Party Day were an English rock band formed in 1981 in Wombwell near Barnsley, South Yorkshire, England. Originally, a four-piece consisting of guitarists Martin Steele, Greg Firth, bassist Carl Firth and drummer Mick Baker. They were known for being "hard knuckleduster goth with post-punk overtones".

==History==
The band were formerly called 'Further Experiments' (1979–81) but refocused as Party Day. They released their first single, "Row the Boat Ashore" c/w "Poison" on their own label, Party Day Records in 1983, and it was well reviewed - "their simpering and delightful sound is a thing of beauty".

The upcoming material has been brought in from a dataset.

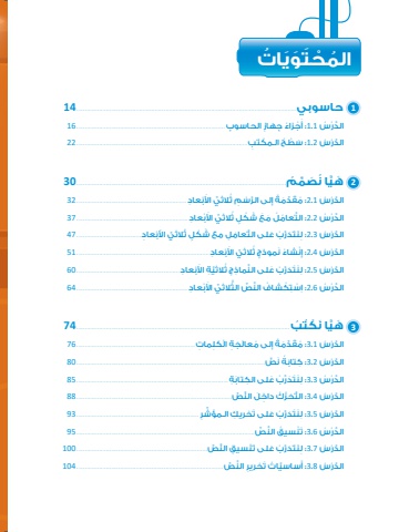 اُتُم ْْحََت ََوَيال ُ1 حاَسَوبي..............................................................................................................................14َ ِْج ُ زاُء ب ِج بهاِز ب الحاسو�.....................................................................................16َ الَّدْْر ُُس 1.1َ :أَ الَّدْْر ُُس 2.1َ :س ْْط ُُح َ الـَم ْْكََت ب�..................................................................................................222َ َ هََّي ُا ُن ََص ِم ُم........................................................................................................................30ُ ِ الثِّي َ اَألْْب بعا�...............................................................32َ الَّدْْر ُُس 1.2َُ :م ََق َِّد ََم ٌٌة ب ِإ َ لى الَّر ْس بِم ثُ ِ الثِّي َ اَألْْب بعا�................................................................37َ الَّدْْر ُُس 2.2 :الََتعا َُم ٍُل َ َم ََع َ َش ْْك ٍٍل ثُ ِ الثِّي َ اَألْْب بعا�.....................................47َ الَّدْْر ُُس 3.2 :بلََن ََت ََّدَْر ْ� َ َعلى الََتعا َُم بٍل َ َم ََع َ َش ْْك ٍٍل ثُ ِ الثِّي َ اَألْْب بعا�............................................................................51َ الَّدْْر ُُس 4.2 ب : ِإَْن ُشاُء َ َنَم ٍ وذٍج ثُ َالثَّي بٌة َ اَألْْب بعا�...........................................................60َ الَّدْْر ُُس 5.2 :بلََن ََت ََّدَْر ْ� َ َعلى الََنَما بذ بٍج ثُ ِ الثِّي َ اَألْْب بعا�................................................................64َ الَّدْْر ُُس 6.2 :با ْسبَت ْْك ُشاُف الََن ِِّص الُّث3َ َ هََّيا َُن ْْكَُت ُ�..........................................................................................................................74َ الَّدْْر ُُس 1.3َُ :م ََق َِّد ََم ٌٌة ب ِإلى َُمعاَل ََج بٌة اْل َْكبلَم ب ا�....................................................................76َ الَّدْْر ُُس 2.3 ب : ِكَتاَْب ٌُة َ َن صِّص............................................................................................................80َ الَّدْْر ُُس 3.3 :بلََن ََت ََّدَْر ْ� َ َعلى ال بْكَتاَْب بٌة.......................................................................................85َ الَّدْْر ُُس 4.3 :الََت َحَُّر ُُك � ب اِخ ٍَل الََن ِِّص.........................................................................................88َ الَّدْْر ُُس 5.3 :بلََن ََت ََّدَْر ْ� َ َع َ لى َت ْحَّر ب يِك الـَم ََؤ َِشبَّر ......................................................................93َ الَّدْْر ُُس 6.3َ : َ ت َْنسَّي ُُق الََن ِِّص......................................................................................................95َ الَّدْْر ُُس 7.3 :بلََن ََت ََّدَْر ْ� َ َع َ لى َت َْنس بَّيُق الََن ِِّص...........................................................................100َ َ ساسَّيا ُ� َ َت ْحَّريبَّر الََن ِِّص....................................................................................104َ الَّدْْر ُُس 8.3َ :أ

Their second single, "The Spider", was described as "Excellent punk junk howl" and was played on John Peel's BBC Radio 1.

Their debut album ‘Glasshouse’ (1985) has received acclaim in Andrew Darlington's blog post: "their most stunning statement to date... what they do, they do searingly well".

Party Day's music was melancholic at heart with a drop of venomous punk, and as with their second album, Simplicity (1986)'s track "Glorious Days" was called "the attractive, though slightly over-wrought black sheep."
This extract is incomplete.